The last word from me on this is if a tech sheet said don't pump up a lifter I wouldn't say "Hell I'm going to pump it up anyway"! Nor would I say "Hell I'm going to break in my cam at 4000 rpm for 15 min" if a tech sheet say's 2000 for 1/2 hr. because some people say that's all that's needed or wrote a paper on it ,or you watched u tube and saw some videos of people doing it and the car still runs at the end of their home made video
That's my thoughts and my old outdated way (reading and following Tech sheets) of doing things !! If some one can put on here my way is going to in any way cause damage put it on a thread
|01-29-2013 05:25 AM|
This is correct. I also never pump them up. Just a quick rinse in the tank. Oil on the body and lifter bore, thin smear of break-in lube on the face.
Once the valves are set I also tend to avoid turning the motor over as much as possible trying to not wipe too much break-in lube off the cam as possible.
|01-29-2013 03:39 AM|
First- I'm not recommending that people pump up lifters. But if you DO, it will not destroy the engine, nor should it cause a problem w/it starting.
Valve spring pressure bleeds down the lifters. Using the EO/IC method, by the time you've set the preload on all the lifters, all but the last one or two have already seen valve spring pressure and have bled back down.
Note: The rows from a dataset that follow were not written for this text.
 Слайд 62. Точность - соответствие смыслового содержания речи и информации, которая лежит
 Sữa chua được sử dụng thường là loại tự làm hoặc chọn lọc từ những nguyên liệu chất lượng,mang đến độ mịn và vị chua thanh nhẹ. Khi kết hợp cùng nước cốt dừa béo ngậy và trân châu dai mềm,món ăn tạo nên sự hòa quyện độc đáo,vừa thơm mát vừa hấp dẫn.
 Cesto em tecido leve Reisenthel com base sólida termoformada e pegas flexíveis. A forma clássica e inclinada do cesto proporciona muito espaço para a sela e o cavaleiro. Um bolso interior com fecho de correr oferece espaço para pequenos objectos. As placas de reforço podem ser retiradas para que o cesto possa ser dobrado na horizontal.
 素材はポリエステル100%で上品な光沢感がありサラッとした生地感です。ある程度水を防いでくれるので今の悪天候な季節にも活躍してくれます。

I suppose if you are the worrying type, the engine could be rotated to put those last valves under pressure so they can bleed down while the valve covers, etc. are put on before cranking the engine. That is if they aren't loaded by the springs/bled down while other work is being done, like priming the oil system, setting the distributor, buttoning up the flexplate, etc.
A thread w/some opinions on the subject of "pumped up" lifters: http://www.hotrodders.com/forum/prep...se-198693.html.
|01-28-2013 11:15 PM|
This is from Crane cams:
There are some oils with additive packages that are better for camshaft “break-in”. These include, but are not limited to: (Brad Penn or Maxima) or a “race only” petroleum- based oil and include Crane Cams Part # 99003-1
Super Lube” additive. Do not use API rated “SL” or “SM” oil.
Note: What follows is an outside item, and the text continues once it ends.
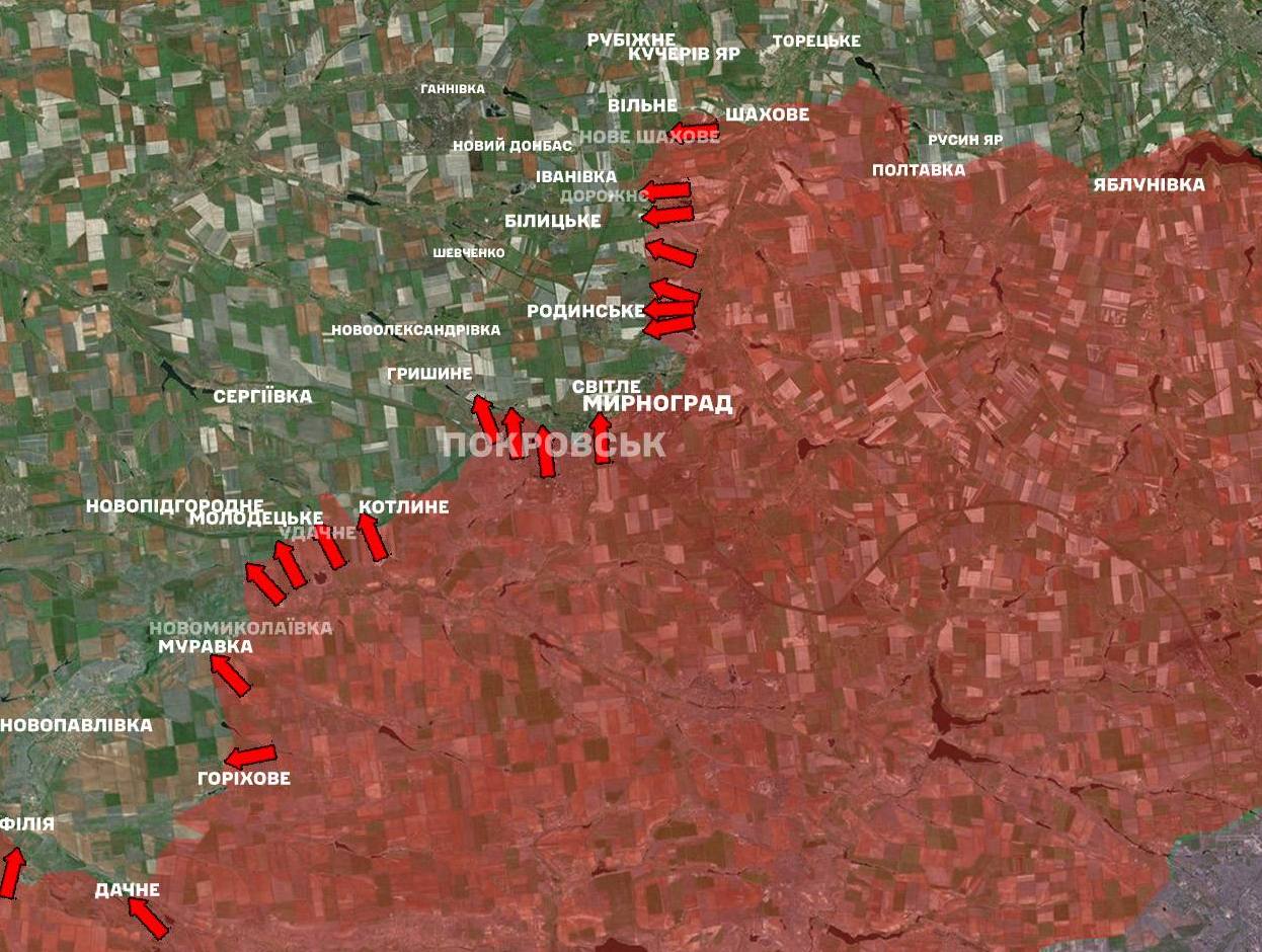 На Покровському напрямку наші захисники зупинили 72 штурмові дії агресора у районах населених пунктів Білицьке, Дорожнє, Нове Шахове, Родинське, Новоолександрівка, Мирноград, Шевченко, Гришине, Покровськ, Котлине, Удачне, Муравка, Новопідгородне, Молодецьке, Новопавлівка, Філія, Дачне.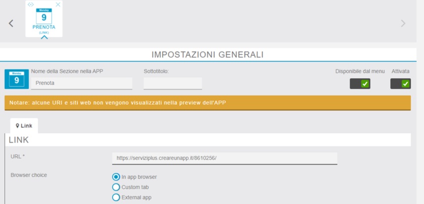 Si potrà quindi copiare la URL dalla barra di ricerca del browser e inserirla in APP tramite una sezione Link o un pulsante Link del modulo Multifunzione.

CAUTION: We do not recommend the use of synthetic oils for “break-in”. Prior to installing the camshaft and lifters, it is recommended that the crankcase be drained and filled with new, clean oil, as listed above. The oil filter should
also be changed at this time. Proper flat tappet camshaft break-in starts with the cam installation and includes the following steps:
1. Before installing the camshaft and lifters, wash them thoroughly in clean mineral spirits to remove the rust preventative that is placed on the cam before shipping. NOTE: As a “rule of thumb”, always thoroughly clean any part before installing it in an engine. Never “assume” that the parts are cleaned before packaging. During shipping, packaging material can rub into the component surface and must be removed!
2. DO NOT “pump-up” hydraulic lifters before use. This can cause the lifters to hold a valve open during engine cranking, which will cause low compression. The low compression will delay engine start-up and is very
detrimental to proper camshaft “break-in”.
3. With the supplied moly paste lube, coat the bottom of the lifters, cam lobes and distributor gear. Use Crane Cams assembly lube Part # 99008-1 on all other surfaces and components.
4. Set your valve lash or lifter preload. Try to minimize the number of times that you rotate the engine, as this can displace the moly paste from the lobes and lifters.
5. If possible prime the oiling system. When priming, rotate the engine at least one complete revolution to assure
oil gets to all valve train components. Valve covers should be off to assure that all rockers are oiling.